* [To do] An exact reproduction of the data below is the required answer.

*** Recorded data ***

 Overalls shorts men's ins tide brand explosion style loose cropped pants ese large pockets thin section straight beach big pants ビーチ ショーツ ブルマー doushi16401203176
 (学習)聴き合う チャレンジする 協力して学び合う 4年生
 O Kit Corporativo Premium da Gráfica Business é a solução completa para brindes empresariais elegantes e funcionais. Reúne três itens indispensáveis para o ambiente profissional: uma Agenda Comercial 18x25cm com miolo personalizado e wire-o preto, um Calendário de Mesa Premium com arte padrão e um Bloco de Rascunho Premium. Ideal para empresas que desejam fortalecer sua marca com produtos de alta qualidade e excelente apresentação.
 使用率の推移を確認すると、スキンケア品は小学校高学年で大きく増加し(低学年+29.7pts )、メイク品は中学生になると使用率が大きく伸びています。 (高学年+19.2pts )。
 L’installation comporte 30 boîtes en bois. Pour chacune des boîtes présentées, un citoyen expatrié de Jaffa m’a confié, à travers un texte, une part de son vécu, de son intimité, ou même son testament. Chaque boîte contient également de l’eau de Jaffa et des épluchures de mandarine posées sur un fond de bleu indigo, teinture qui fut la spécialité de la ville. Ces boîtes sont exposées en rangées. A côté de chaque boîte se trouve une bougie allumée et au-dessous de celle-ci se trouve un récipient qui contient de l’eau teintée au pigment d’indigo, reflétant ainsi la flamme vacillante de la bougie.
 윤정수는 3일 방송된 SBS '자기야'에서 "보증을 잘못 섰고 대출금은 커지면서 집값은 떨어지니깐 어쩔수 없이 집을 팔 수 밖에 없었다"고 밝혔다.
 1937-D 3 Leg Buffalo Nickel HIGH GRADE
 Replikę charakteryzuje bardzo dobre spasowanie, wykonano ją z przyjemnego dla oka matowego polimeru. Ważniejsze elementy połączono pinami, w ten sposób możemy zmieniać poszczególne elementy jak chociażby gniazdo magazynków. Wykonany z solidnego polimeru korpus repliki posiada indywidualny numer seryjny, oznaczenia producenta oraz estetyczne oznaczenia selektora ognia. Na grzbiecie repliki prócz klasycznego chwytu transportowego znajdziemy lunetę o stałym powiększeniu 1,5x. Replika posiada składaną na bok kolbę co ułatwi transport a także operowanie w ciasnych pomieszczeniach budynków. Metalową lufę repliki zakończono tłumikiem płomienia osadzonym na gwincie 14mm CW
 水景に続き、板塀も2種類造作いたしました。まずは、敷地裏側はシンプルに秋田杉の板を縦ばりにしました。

*** End of Recorded data ***

* [Problem solution]
 Overalls shorts men's ins tide brand explosion style loose cropped pants ese large pockets thin section straight beach big pants ビーチ ショーツ ブルマー doushi16401203176
 (学習)聴き合う チャレンジする 協力して学び合う 4年生
 O Kit Corporativo Premium da Gráfica Business é a solução completa para brindes empresariais elegantes e funcionais. Reúne três itens indispensáveis para o ambiente profissional: uma Agenda Comercial 18x25cm com miolo personalizado e wire-o preto, um Calendário de Mesa Premium com arte padrão e um Bloco de Rascunho Premium. Ideal para empresas que desejam fortalecer sua marca com produtos de alta qualidade e excelente apresentação.
 使用率の推移を確認すると、スキンケア品は小学校高学年で大きく増加し(低学年+29.7pts )、メイク品は中学生になると使用率が大きく伸びています。 (高学年+19.2pts )。
 L’installation comporte 30 boîtes en bois. Pour chacune des boîtes présentées, un citoyen expatrié de Jaffa m’a confié, à travers un texte, une part de son vécu, de son intimité, ou même son testament. Chaque boîte contient également de l’eau de Jaffa et des épluchures de mandarine posées sur un fond de bleu indigo, teinture qui fut la spécialité de la ville. Ces boîtes sont exposées en rangées. A côté de chaque boîte se trouve une bougie allumée et au-dessous de celle-ci se trouve un récipient qui contient de l’eau teintée au pigment d’indigo, reflétant ainsi la flamme vacillante de la bougie.
 윤정수는 3일 방송된 SBS '자기야'에서 "보증을 잘못 섰고 대출금은 커지면서 집값은 떨어지니깐 어쩔수 없이 집을 팔 수 밖에 없었다"고 밝혔다.
 1937-D 3 Leg Buffalo Nickel HIGH GRADE
 Replikę charakteryzuje bardzo dobre spasowanie, wykonano ją z przyjemnego dla oka matowego polimeru. Ważniejsze elementy połączono pinami, w ten sposób możemy zmieniać poszczególne elementy jak chociażby gniazdo magazynków. Wykonany z solidnego polimeru korpus repliki posiada indywidualny numer seryjny, oznaczenia producenta oraz estetyczne oznaczenia selektora ognia. Na grzbiecie repliki prócz klasycznego chwytu transportowego znajdziemy lunetę o stałym powiększeniu 1,5x. Replika posiada składaną na bok kolbę co ułatwi transport a także operowanie w ciasnych pomieszczeniach budynków. Metalową lufę repliki zakończono tłumikiem płomienia osadzonym na gwincie 14mm CW
 水景に続き、板塀も2種類造作いたしました。まずは、敷地裏側はシンプルに秋田杉の板を縦ばりにしました。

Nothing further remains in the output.